**TASK GOAL**
Return, exactly and with nothing added, the line with "Keywords: body of" together with all lines after it through the end of the data below. No pictures belong in the copy.

**SOURCE DATA**
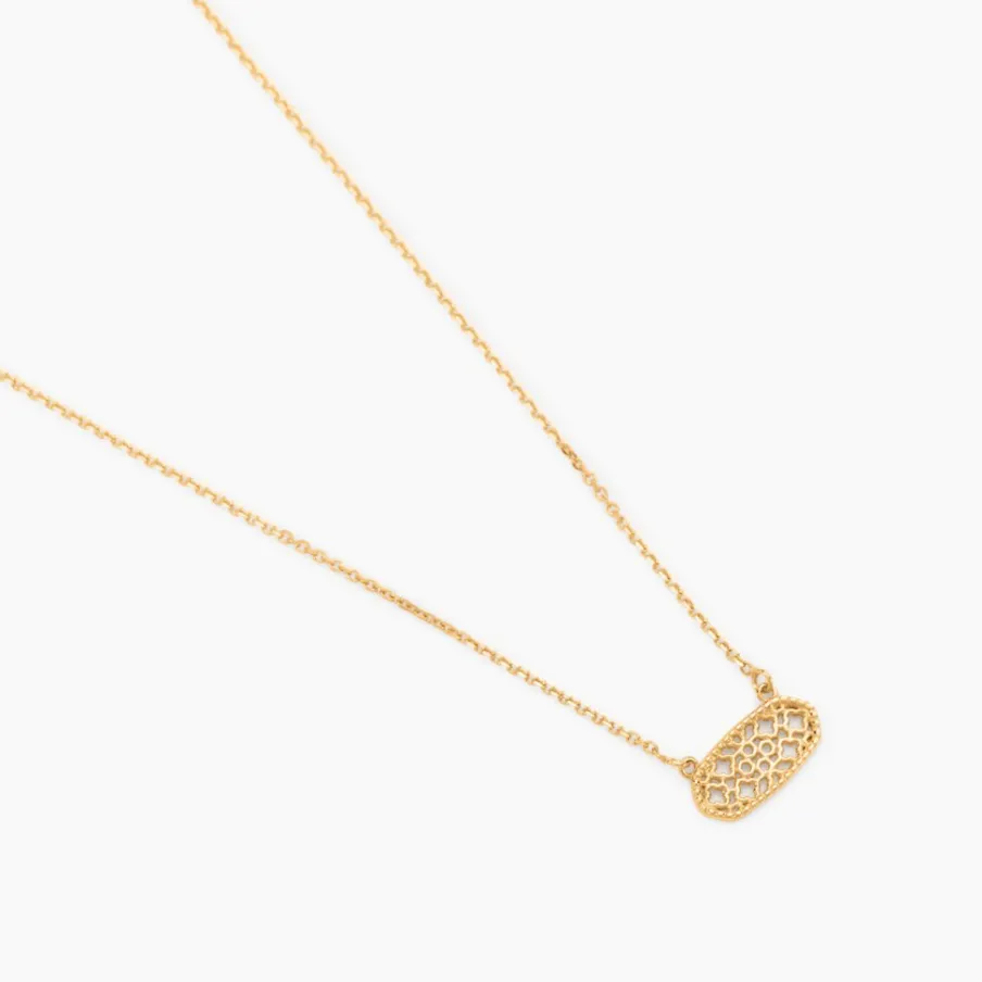 Collier Or Jaune 375/1000 Rectangle Filigrane Maille Jaseron 40+2cm
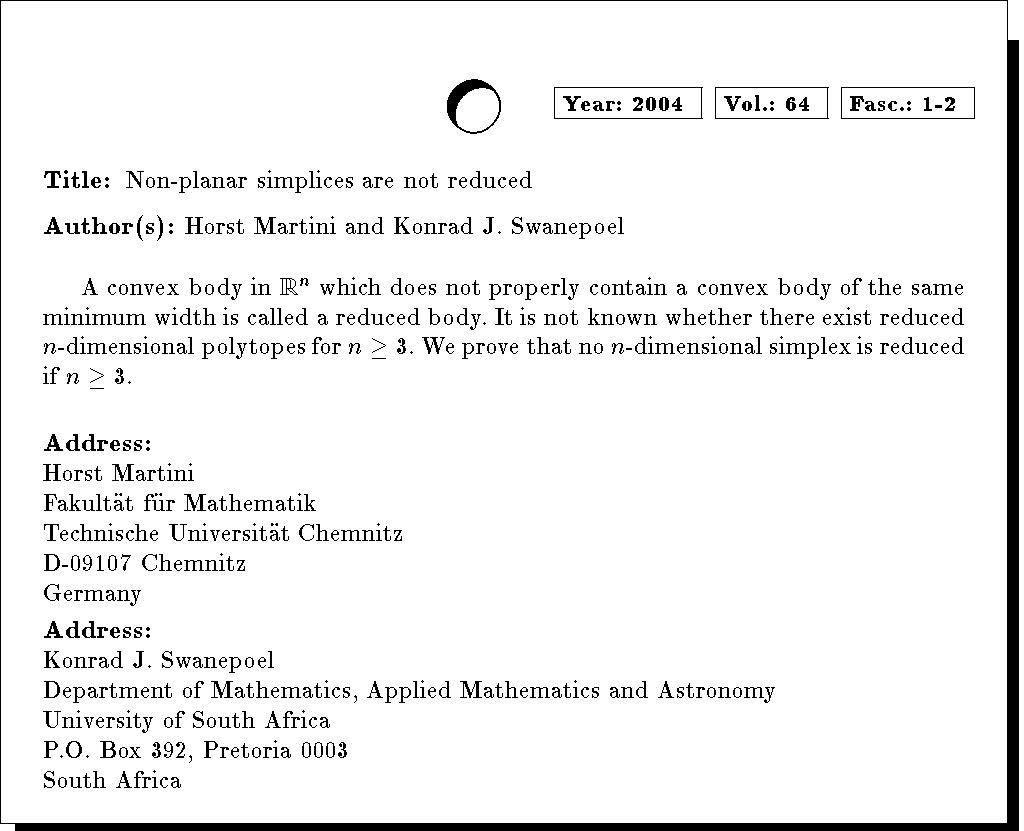 Keywords: body of constant width, convex polytope, difference body, projection body, reduced body, simplex
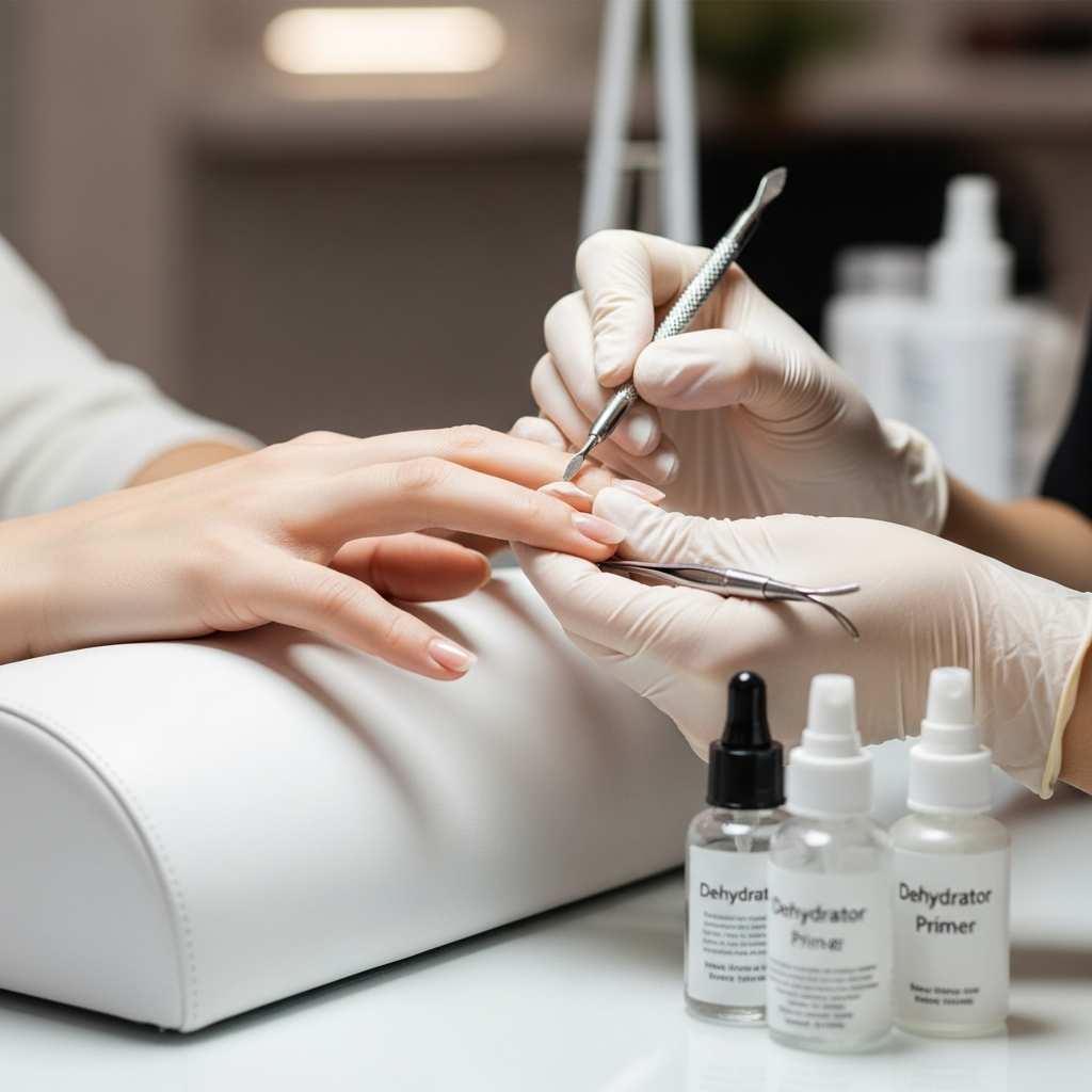 Following mechanical prep, a chemical dehydrator is applied to remove residual oils and moisture. In the U.S. nail industry, this step is mandatory for clients with oily nail plates or hyperhidrosis.
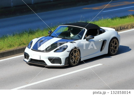 爽やかな白いオープンカー ポルシェ718ボクスター

**RESULT**
 Keywords: body of constant width, convex polytope, difference body, projection body, reduced body, simplex
 Following mechanical prep, a chemical dehydrator is applied to remove residual oils and moisture. In the U.S. nail industry, this step is mandatory for clients with oily nail plates or hyperhidrosis.
 爽やかな白いオープンカー ポルシェ718ボクスター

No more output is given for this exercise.